» TASK ITEM
Scan the listing below and copy every line holding "Gold".
□ □ □ □
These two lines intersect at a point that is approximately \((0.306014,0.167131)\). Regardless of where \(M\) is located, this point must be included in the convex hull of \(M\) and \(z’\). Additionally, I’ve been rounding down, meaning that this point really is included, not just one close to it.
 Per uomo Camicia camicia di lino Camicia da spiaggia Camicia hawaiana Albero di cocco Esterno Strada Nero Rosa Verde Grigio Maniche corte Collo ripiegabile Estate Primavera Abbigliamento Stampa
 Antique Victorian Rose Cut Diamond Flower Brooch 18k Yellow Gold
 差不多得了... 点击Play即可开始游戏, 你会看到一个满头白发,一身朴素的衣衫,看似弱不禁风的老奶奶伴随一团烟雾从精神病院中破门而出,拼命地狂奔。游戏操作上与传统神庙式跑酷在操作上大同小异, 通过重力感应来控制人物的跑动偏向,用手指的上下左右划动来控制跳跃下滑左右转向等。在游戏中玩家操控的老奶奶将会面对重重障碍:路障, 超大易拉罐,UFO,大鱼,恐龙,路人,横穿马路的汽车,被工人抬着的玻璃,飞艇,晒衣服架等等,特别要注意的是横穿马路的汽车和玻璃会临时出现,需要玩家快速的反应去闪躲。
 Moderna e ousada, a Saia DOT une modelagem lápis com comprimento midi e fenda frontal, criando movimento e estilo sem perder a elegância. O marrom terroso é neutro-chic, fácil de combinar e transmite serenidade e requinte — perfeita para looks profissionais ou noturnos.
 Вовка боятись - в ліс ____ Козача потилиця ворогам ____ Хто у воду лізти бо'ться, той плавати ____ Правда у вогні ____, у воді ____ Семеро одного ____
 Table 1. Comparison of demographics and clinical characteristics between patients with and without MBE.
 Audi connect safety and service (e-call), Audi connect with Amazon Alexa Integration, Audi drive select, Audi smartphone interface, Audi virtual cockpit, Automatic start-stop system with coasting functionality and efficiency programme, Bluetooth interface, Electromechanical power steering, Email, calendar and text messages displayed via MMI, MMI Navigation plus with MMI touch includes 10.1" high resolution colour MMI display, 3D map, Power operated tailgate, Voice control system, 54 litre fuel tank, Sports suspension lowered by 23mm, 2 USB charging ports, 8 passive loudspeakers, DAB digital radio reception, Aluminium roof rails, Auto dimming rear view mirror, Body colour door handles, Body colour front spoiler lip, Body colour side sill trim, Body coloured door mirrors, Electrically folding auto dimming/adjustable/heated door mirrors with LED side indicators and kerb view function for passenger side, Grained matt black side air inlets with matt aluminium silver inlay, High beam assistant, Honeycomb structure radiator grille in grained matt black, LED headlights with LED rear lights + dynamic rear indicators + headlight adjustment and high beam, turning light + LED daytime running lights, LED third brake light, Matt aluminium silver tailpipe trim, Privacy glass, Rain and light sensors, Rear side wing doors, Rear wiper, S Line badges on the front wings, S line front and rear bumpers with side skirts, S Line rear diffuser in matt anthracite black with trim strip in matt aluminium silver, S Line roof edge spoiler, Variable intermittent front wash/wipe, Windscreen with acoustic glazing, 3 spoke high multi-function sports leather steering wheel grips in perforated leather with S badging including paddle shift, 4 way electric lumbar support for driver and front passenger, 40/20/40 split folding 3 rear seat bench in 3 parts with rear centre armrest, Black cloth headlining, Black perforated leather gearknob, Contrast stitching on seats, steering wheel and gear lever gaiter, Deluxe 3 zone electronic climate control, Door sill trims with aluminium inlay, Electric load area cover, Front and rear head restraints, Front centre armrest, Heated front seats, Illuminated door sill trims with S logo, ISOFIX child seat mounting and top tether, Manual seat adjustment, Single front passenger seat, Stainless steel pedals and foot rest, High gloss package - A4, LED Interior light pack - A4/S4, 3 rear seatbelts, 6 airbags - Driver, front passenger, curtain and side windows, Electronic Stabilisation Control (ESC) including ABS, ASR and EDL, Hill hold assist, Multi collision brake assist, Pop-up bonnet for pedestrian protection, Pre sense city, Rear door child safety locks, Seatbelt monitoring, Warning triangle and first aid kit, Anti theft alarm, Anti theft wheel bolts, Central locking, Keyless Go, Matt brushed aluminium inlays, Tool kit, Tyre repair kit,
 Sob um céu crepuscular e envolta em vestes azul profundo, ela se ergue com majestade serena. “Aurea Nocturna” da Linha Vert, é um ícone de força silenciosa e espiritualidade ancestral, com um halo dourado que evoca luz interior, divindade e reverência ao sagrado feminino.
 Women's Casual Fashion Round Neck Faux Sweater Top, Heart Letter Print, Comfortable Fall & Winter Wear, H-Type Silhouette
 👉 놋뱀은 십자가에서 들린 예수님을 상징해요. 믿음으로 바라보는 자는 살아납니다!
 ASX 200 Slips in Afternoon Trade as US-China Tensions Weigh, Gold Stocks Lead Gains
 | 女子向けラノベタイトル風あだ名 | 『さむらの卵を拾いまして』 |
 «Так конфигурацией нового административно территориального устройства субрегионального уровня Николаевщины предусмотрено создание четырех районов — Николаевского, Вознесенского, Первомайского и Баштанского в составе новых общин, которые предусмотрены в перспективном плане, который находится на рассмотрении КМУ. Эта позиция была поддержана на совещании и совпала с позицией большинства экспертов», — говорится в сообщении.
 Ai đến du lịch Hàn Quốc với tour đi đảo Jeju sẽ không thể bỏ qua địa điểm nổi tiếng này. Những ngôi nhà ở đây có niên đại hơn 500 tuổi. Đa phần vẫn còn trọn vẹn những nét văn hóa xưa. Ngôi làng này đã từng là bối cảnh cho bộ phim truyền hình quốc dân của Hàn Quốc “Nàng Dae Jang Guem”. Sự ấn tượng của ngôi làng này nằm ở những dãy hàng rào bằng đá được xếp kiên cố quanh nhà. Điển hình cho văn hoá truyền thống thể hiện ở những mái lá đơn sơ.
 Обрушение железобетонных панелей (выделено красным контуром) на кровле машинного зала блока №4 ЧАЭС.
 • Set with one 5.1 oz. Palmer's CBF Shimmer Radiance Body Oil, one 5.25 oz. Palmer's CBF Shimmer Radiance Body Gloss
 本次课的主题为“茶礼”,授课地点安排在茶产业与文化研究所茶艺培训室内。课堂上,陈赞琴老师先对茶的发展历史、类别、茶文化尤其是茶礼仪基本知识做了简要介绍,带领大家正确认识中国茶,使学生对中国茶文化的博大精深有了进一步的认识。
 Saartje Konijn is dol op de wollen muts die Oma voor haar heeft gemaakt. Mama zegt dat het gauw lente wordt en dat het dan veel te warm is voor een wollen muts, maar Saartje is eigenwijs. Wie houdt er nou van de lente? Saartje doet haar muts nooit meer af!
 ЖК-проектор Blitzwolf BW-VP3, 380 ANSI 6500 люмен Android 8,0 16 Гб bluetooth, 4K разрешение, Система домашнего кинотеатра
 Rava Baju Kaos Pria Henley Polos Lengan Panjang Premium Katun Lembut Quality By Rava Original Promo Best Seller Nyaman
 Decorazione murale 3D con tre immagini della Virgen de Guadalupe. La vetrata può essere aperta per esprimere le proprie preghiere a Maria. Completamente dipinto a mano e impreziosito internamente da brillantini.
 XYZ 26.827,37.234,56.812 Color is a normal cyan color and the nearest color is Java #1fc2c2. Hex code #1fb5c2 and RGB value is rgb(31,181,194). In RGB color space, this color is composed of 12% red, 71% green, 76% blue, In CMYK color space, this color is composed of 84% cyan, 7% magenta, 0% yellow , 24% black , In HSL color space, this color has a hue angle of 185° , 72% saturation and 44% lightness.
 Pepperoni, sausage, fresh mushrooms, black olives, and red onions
□ □ □ □
» ANSWER SPACE
 Antique Victorian Rose Cut Diamond Flower Brooch 18k Yellow Gold
 ASX 200 Slips in Afternoon Trade as US-China Tensions Weigh, Gold Stocks Lead Gains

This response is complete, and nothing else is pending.